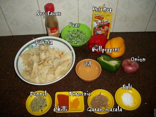 - Paratha / Parotta : Parotta is the main base of the dish. You can use store bought or homemade parotta. For a healthy version, use chapati instead of parotta.
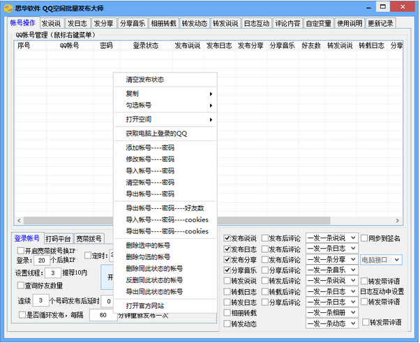 思华QQ空间批量发布大师是一款可以一键轻松批量发表、转发的软件工具。有需要的可以来天空下载使用!
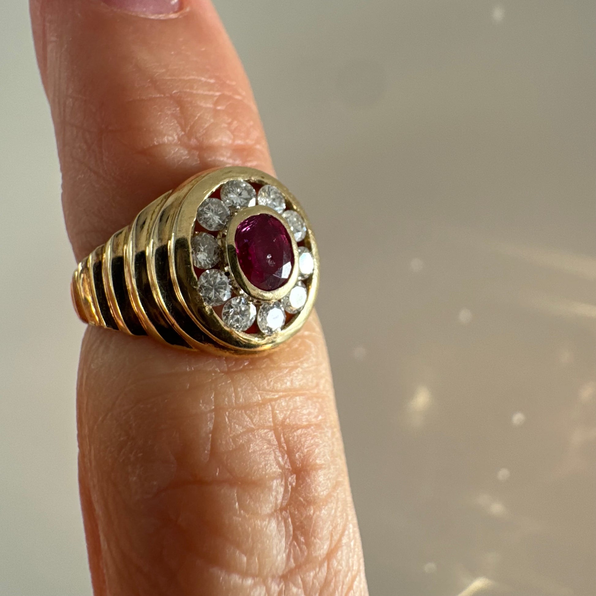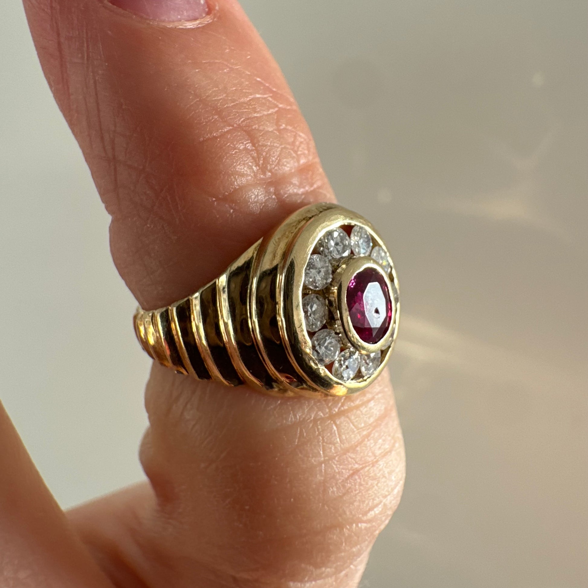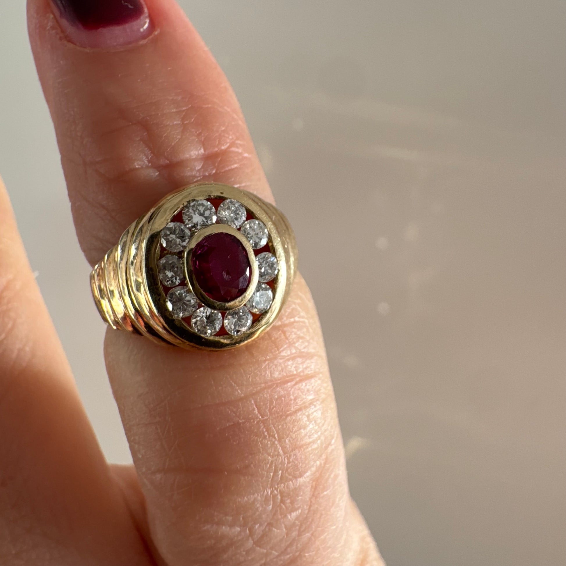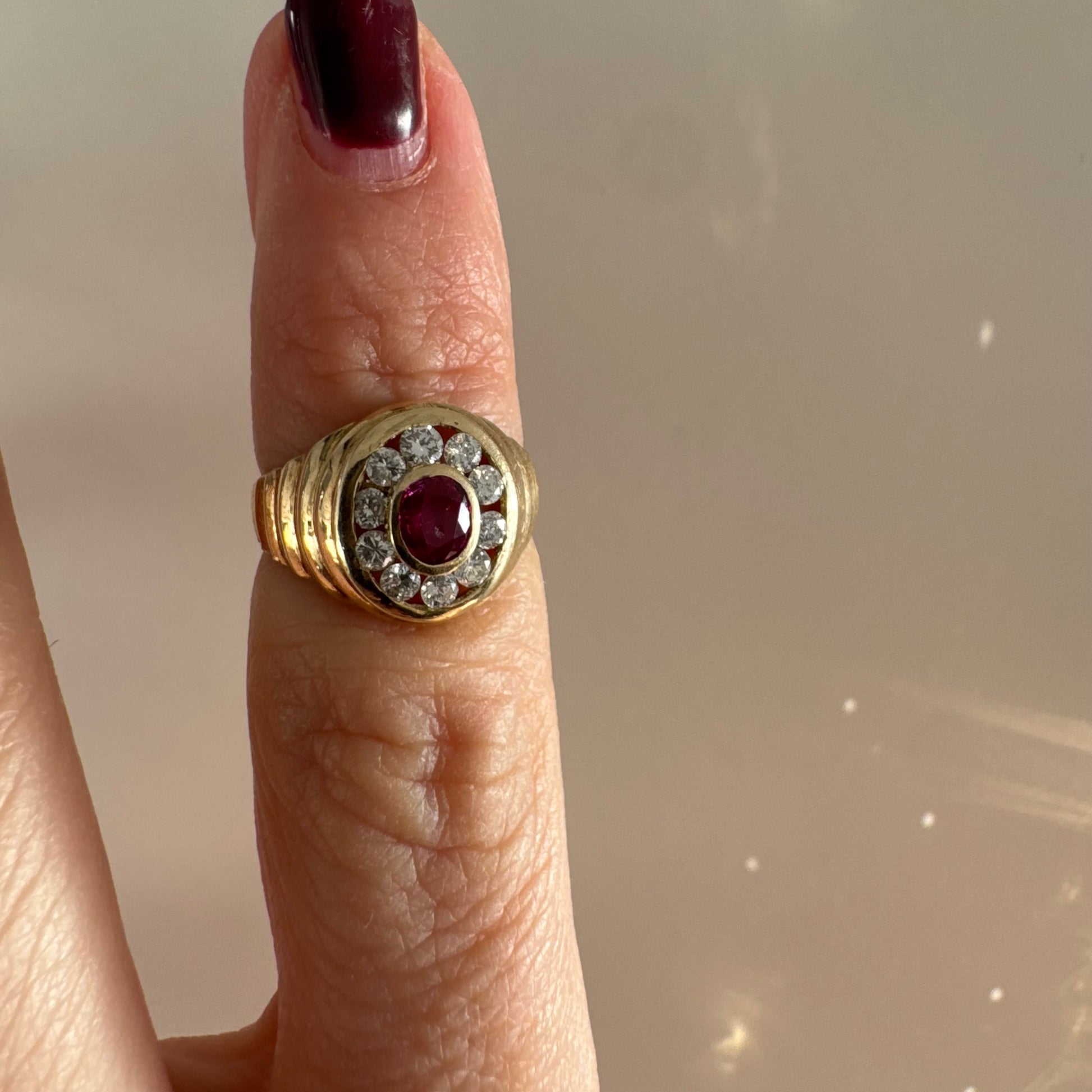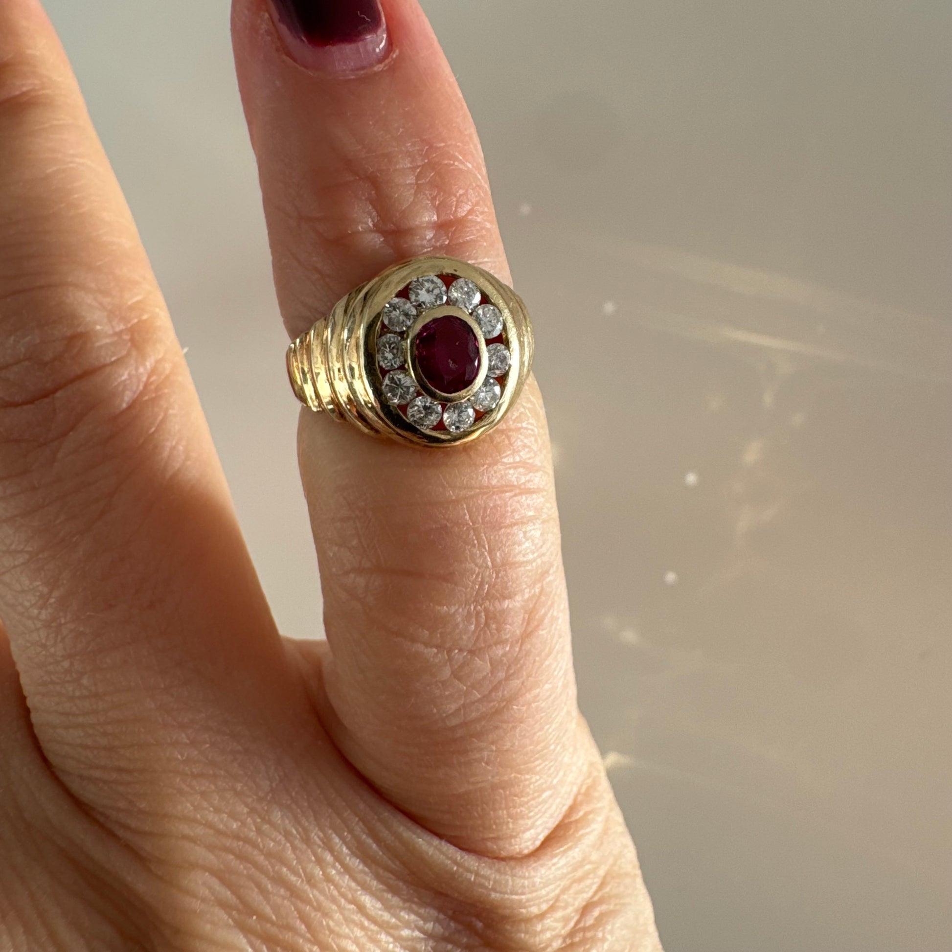 טבעת זהב צהוב 14 קראט בסגנון חותם עגול, משובצת אבן רובי מרכזית וסביבה הילה של יהלומים עגולים.

#### [WHAT YOU WILL DO]
Omit the pictures. Transcribe word for word the lines from the one containing "思华QQ空间批量发布大师是一" through the end of the listing, inclusive.

#### [SOLUTION FOR THIS EXERCISE]
 思华QQ空间批量发布大师是一款可以一键轻松批量发表、转发的软件工具。有需要的可以来天空下载使用!
 טבעת זהב צהוב 14 קראט בסגנון חותם עגול, משובצת אבן רובי מרכזית וסביבה הילה של יהלומים עגולים.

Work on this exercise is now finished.